• EXERCISE:
Starting at the line where "Metal Bed, 3FT" occurs, reproduce each line through the end of the entries below exactly. Omit every picture.

(SOURCE RECORDS)

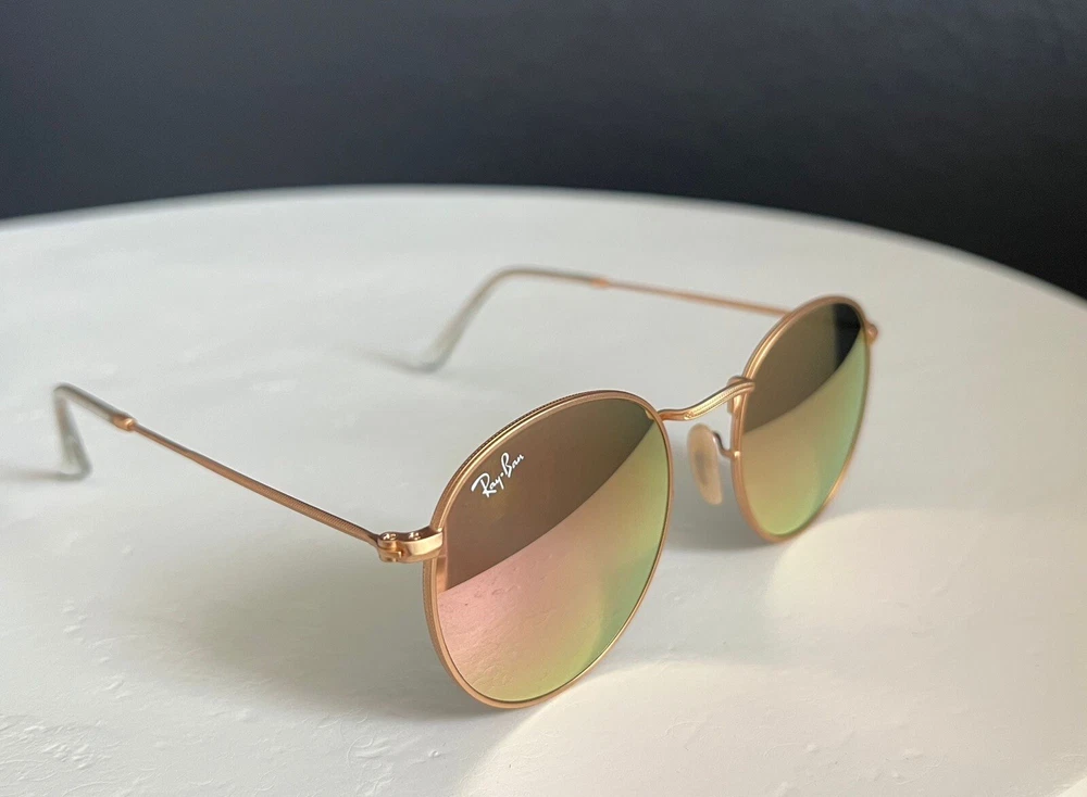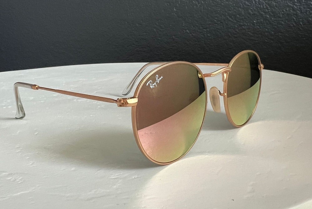 RayBan RB3447 Round Women Sunglasses Flash Mirror Lens Gold Frames. Condition is New with tags. Shipped with USPS Ground Advantage.
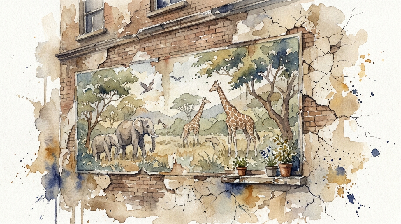 Then someone had a different idea. Instead of leaving the wall blank, they invited artists to paint a mural. Bright, bold, enormous. Children, animals, parks, a whole story sprawling across the facade. That was over five years ago. Nobody has touched it.
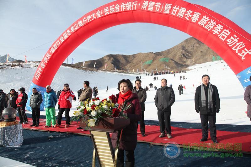 何偉局長用“祁連歡歌迎盛會,冰雪旅游聚英豪”來稱贊本次活動。她在致辭中指出,在張掖扁都口隆重舉行“中國·民樂扁都口全國冬季山地戶外大會暨甘肅省冬春旅游季活動”啟動儀式,這是我省體育、旅游兩個產業(yè)融合發(fā)展的重要舉措,也是我省淡季旅游市場啟動的重要標志。冰雪旅游是品位的追求,戶外運動是勇者的選擇。甘肅旅游資源十分豐富,冬季旅游資源獨具特色。為了給激情飛揚的旅游愛好者獻上豐盛的冬季旅游盛宴,全省各地都在積極謀動。特別是張掖市舉全市之力,精心策劃,全力推動,不僅在大景區(qū)建設等整體旅游工作上走在全省前列,而且在淡季旅游開發(fā)上搞得紅紅火火,做出了示范。在張掖啟動全省“冬春旅游季”活動,就是為了借張掖冬季旅游的火熱勢頭,帶動全省淡季旅游持續(xù)升溫。希望全省旅游系統(tǒng)以本次活動為契機,整合資源,相互借勢,形成合力,共同做熱、做大甘肅冬季旅游市場,使甘肅豐富多彩的冬春旅游資源轉化為旅游發(fā)展新的亮點、經濟增長的新優(yōu)勢。
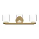 The Cedar vanity light combines whimsical frosted diffusers with clear glass shades for a sophisticated layered look. Integrated LED technology provides warm 3000K lighting, while the brushed gold finish adds contemporary elegance to any bathroom or powder room.
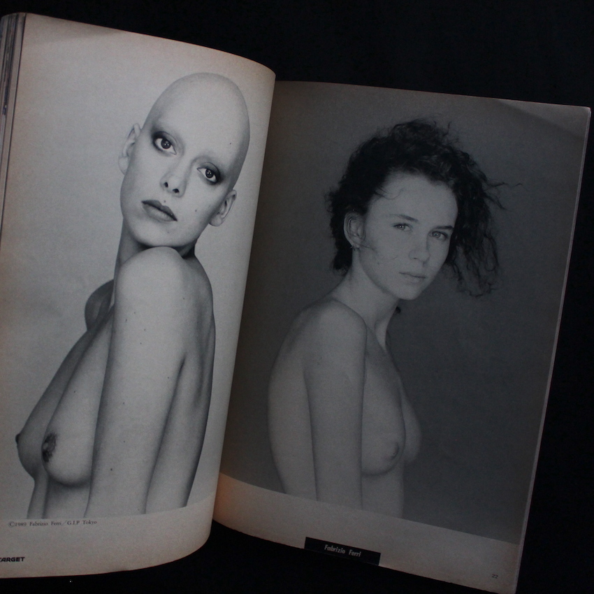 本書は、1970年代後半より辰巳出版より刊行されていた成人向け雑誌『Target』の1989年7月号で、特集は「スーパー・ヌード・コレクション」。BrutusやStudio Voiceなどでも同時代に同内容の特集雑誌が組まれていますが、本書では、Gérard Petremand、Manfredi Bellati、Jean Meziere、Irina Ionesco、Fabrizio Ferri、Jean-François Bauret、Lionel Fourneaux、Javier Vallhonrat、Joe Gantz、Bettina Rheims、James Wedge、Karin Szekessy、Gian Perino、 Luciano Tomasin、Clinio G. Biavatiの作品が収録されており、カラーありモノクロあり、ストレートありアヴァンギャルドありと見応えのあるイメージの数々です。
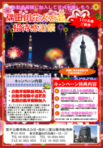 毎年恒例の大人気イベントが今年もはじまります!!!! 「自動車保険新規加入で隅田川花火大会にご招待」します!!!!(^O^)/ 7月の最終土曜日に毎年開催されている人気の花火大会ですが、場所取りや混雑がたいへんですよね・ […]
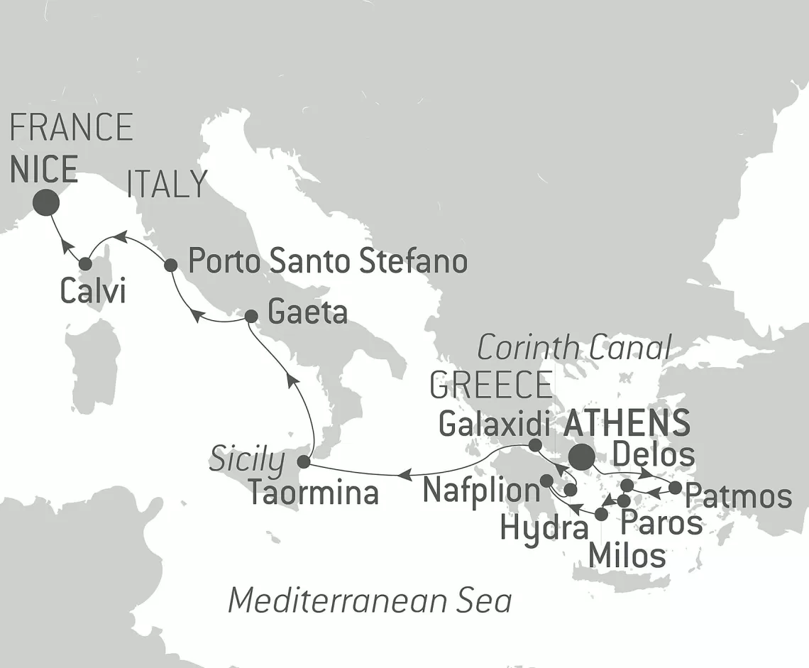Маршрут круиза: Пирей / Афины - о. Патмос - о. Делос - о. Парос - о. Милос - Нафплион - о. Идра - Коринфский канал - Галаксиди / Дельфы - море - Таормина, о. Сицилия - Гаэта - Порто Санто Стефано - Кальви, о. Корсика - Ницца
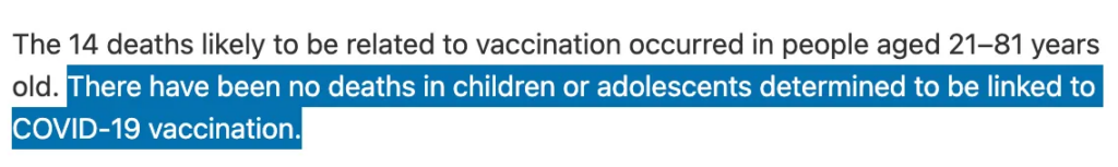 The November 2022 TGA Safety Report states that, “There have been no deaths in children or adolescents determined to be linked to COVID-19 vaccination.” But the assessment reports indicating the causal role of the Pfizer vaccine in the cases of the seven and nine year-old children were released to Dr. McCann in July 2022.
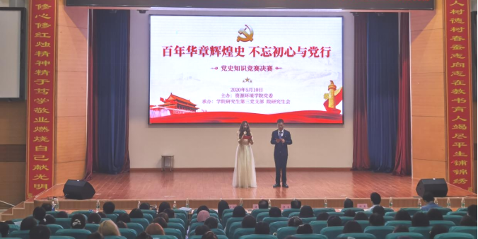为深入贯彻习近平总书记在党史学习教育动员大会上的重要讲话精神,落实“学史明理、学史增信、学史崇德、学史力行”,2021年5月10日晚19:00,由资源环境公司党委主办、威廉希尔官网研究生第三党支部和院研究生会共同承办的“百年华章辉煌史,不忘初心与党行”庆祝中国共产党成立100周年党史知识竞赛决赛,在集团三号报告厅成功举办。出席本次决赛现场的嘉宾评委有:公司党建专职组织员彭惠楠老师,资源环境学公司党委书记黄月辉老师,公司党委宣传部副部长张丽娜老师,校研工部副部长、资源环境公司党委副书记李明老师。公司全体领导班子成员及部分教师,公司教工党支部、员工党支部全体党员也参与了本次活动。
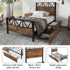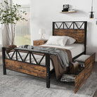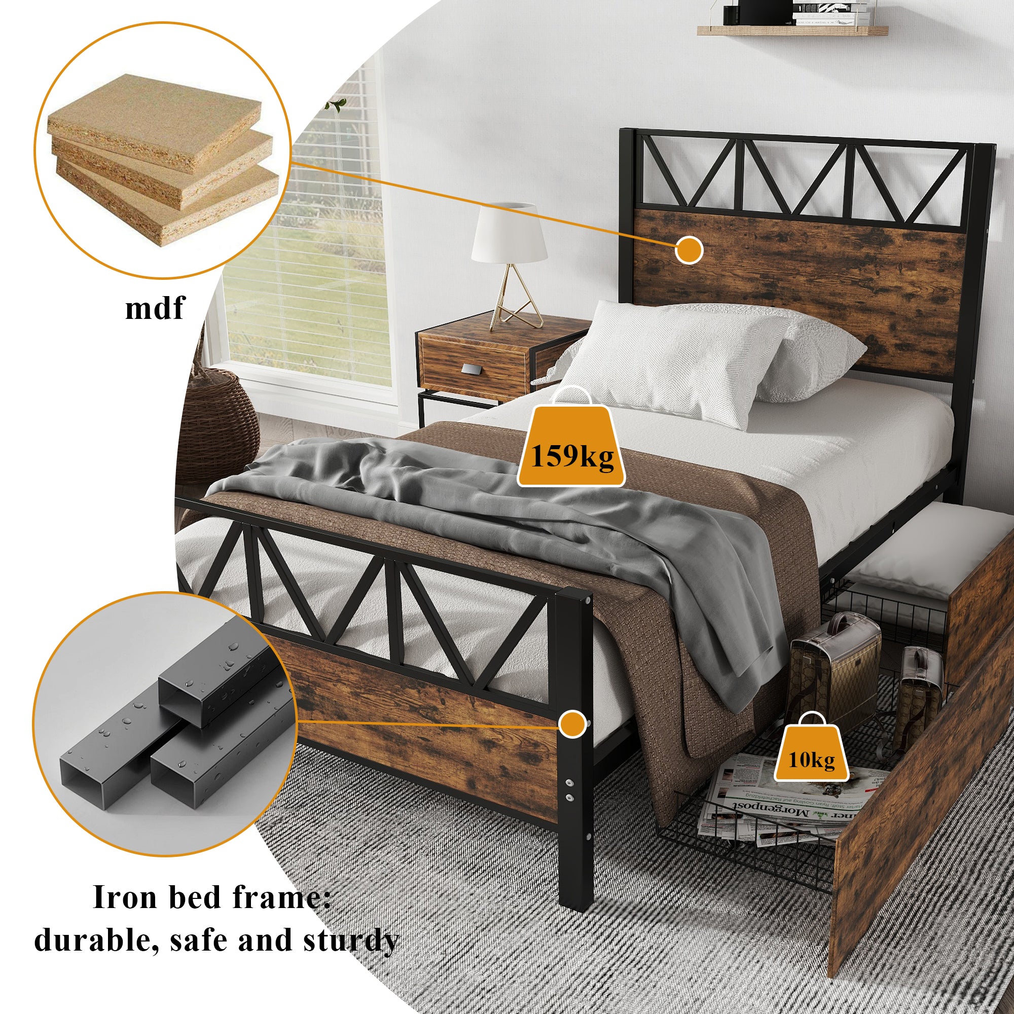Metal Bed, 3FT Single with 2 Drawers, Black+Wood Color
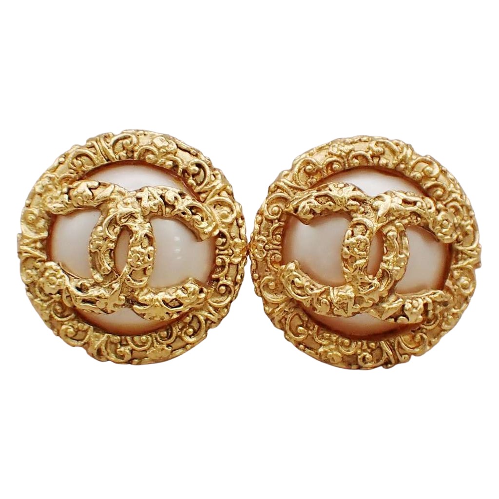 Chanel Vintage CC Logo Round Clip-on Earrings Gold
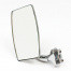 Quarterlight clamp on stainless steel mirror. FLAT glass 115mm x 70mm with stainless steel back mounted on a curved arm. Arm extends out 55mm from mounting screws and then 65mm up to the centre of the mirror head. Two grub screws nip the assembly to the edge of the opening quarterlight. Universal mirror that will fit on either the left or right hand side of the vehicle.

(End SOURCE RECORDS)

• EXERCISE OUTPUT:
Metal Bed, 3FT Single with 2 Drawers, Black+Wood Color
 Chanel Vintage CC Logo Round Clip-on Earrings Gold
 Quarterlight clamp on stainless steel mirror. FLAT glass 115mm x 70mm with stainless steel back mounted on a curved arm. Arm extends out 55mm from mounting screws and then 65mm up to the centre of the mirror head. Two grub screws nip the assembly to the edge of the opening quarterlight. Universal mirror that will fit on either the left or right hand side of the vehicle.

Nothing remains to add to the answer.